Output a character-exact copy of the data, images removed.

___ EXTRACTED INFORMATION

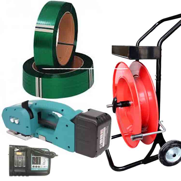 Kit cerclage feuillard NEO 9-16mm PET/PP avec batterie et chargeur + feuillard PET 15,5mm – chariot de cerclage
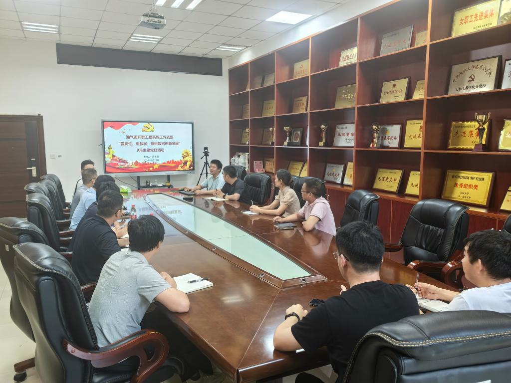 (通讯员 白振玮 许文俊)9月19日下午,油气田开发工程系教工党支部在石油科技大楼C111召开了“强党性、重教学,推进教材创新发展”9月主题党日活动,由党支部副书记许冬进同志主持。
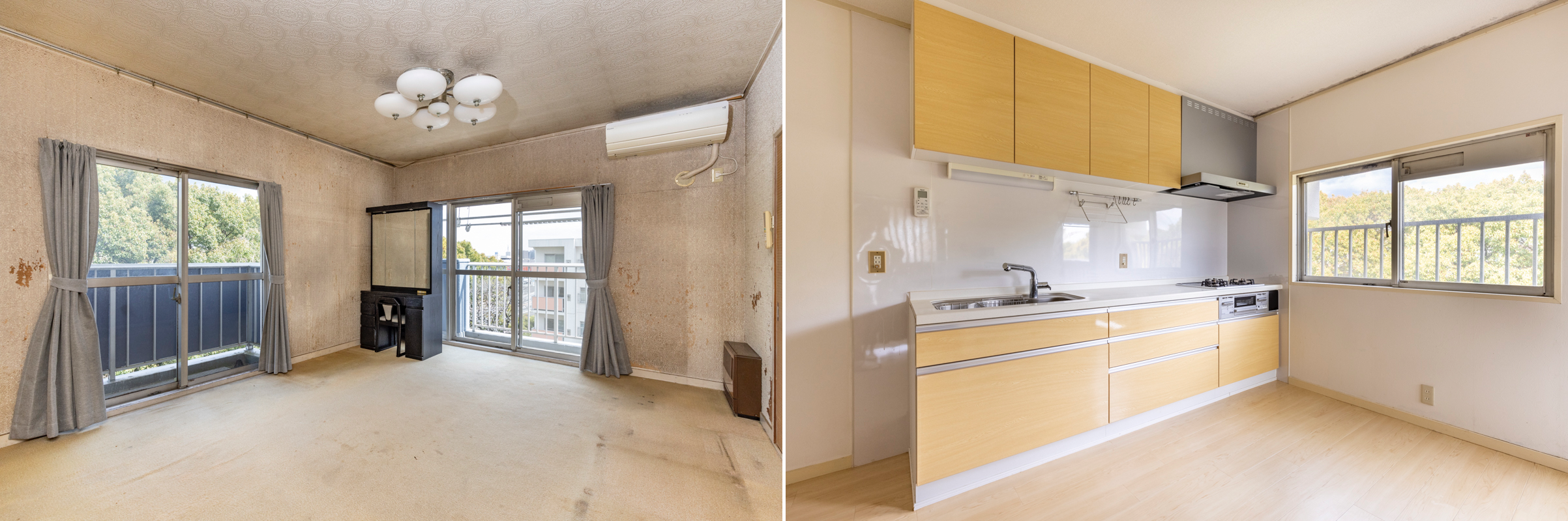 この部屋でリビングが一番過ごしやすい場所ですね。日中は明かりが必要ないくらい明るく風通しも良いです。家族5人暮らしの時でも狭さを感じたことはありませんでした。キッチンは日々の食事作りだけでなくお弁当作りなどもあってよく使っていたので、定期的にリフォームしていました。
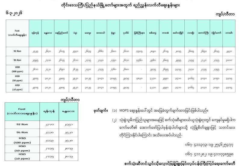 ရန်ကုန်မြို့နှင့် မန္တလေးမြို့အတွက် ရည်ညွှန်းလက်ကားဈေးနှုန်းများနှင့် ပြည်ထောင်စုနယ်မြေ နေပြည်တော်၊ တိုင်းဒေသကြီး/ပြည်နယ် မြို့တော်များအတွက် ရည်ညွှန်းလက်လီဈေးနှုန်းများ
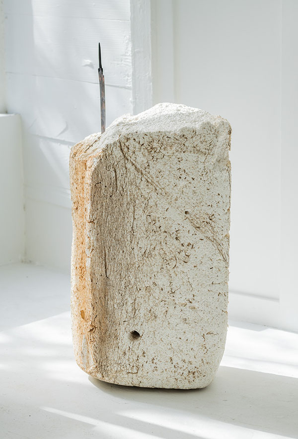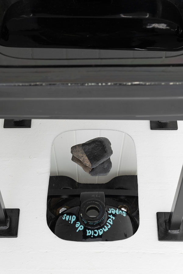 The found object sculptures give off spiritual vibes. ‘Untitled’ (2019) made from styrofoam, sand, steel, thermoplastic rubber is a pun on the legend of British King Arthur and Excalibur: a waterlogged hunk of styrofoam is pierced by a blade which o’neal forged at OCAC, branded along the dull edge with the exhibition title. Despite seeming like a very heavy object, it’s actually extremely light, apt to tip over at the slightest touch. On the other end of the spectrum, ‘meet cute 3: super farmacia’ (2019) is physically heavy but feels airy, like an altar that found its way here from another planet with different gravity. A black sink rests on a powder coated black steel stand with four legs. Plexiglass rests in the sink basin, a pun on water, and down below a mirror talks back, revealing the piece of obsidian that rests on the mirror, and the text painted under the sink (“super farmacia de dios”).

______

## EXERCISE SOLUTION:
 Kit cerclage feuillard NEO 9-16mm PET/PP avec batterie et chargeur + feuillard PET 15,5mm – chariot de cerclage
 (通讯员 白振玮 许文俊)9月19日下午,油气田开发工程系教工党支部在石油科技大楼C111召开了“强党性、重教学,推进教材创新发展”9月主题党日活动,由党支部副书记许冬进同志主持。
 この部屋でリビングが一番過ごしやすい場所ですね。日中は明かりが必要ないくらい明るく風通しも良いです。家族5人暮らしの時でも狭さを感じたことはありませんでした。キッチンは日々の食事作りだけでなくお弁当作りなどもあってよく使っていたので、定期的にリフォームしていました。
 ရန်ကုန်မြို့နှင့် မန္တလေးမြို့အတွက် ရည်ညွှန်းလက်ကားဈေးနှုန်းများနှင့် ပြည်ထောင်စုနယ်မြေ နေပြည်တော်၊ တိုင်းဒေသကြီး/ပြည်နယ် မြို့တော်များအတွက် ရည်ညွှန်းလက်လီဈေးနှုန်းများ
 The found object sculptures give off spiritual vibes. ‘Untitled’ (2019) made from styrofoam, sand, steel, thermoplastic rubber is a pun on the legend of British King Arthur and Excalibur: a waterlogged hunk of styrofoam is pierced by a blade which o’neal forged at OCAC, branded along the dull edge with the exhibition title. Despite seeming like a very heavy object, it’s actually extremely light, apt to tip over at the slightest touch. On the other end of the spectrum, ‘meet cute 3: super farmacia’ (2019) is physically heavy but feels airy, like an altar that found its way here from another planet with different gravity. A black sink rests on a powder coated black steel stand with four legs. Plexiglass rests in the sink basin, a pun on water, and down below a mirror talks back, revealing the piece of obsidian that rests on the mirror, and the text painted under the sink (“super farmacia de dios”).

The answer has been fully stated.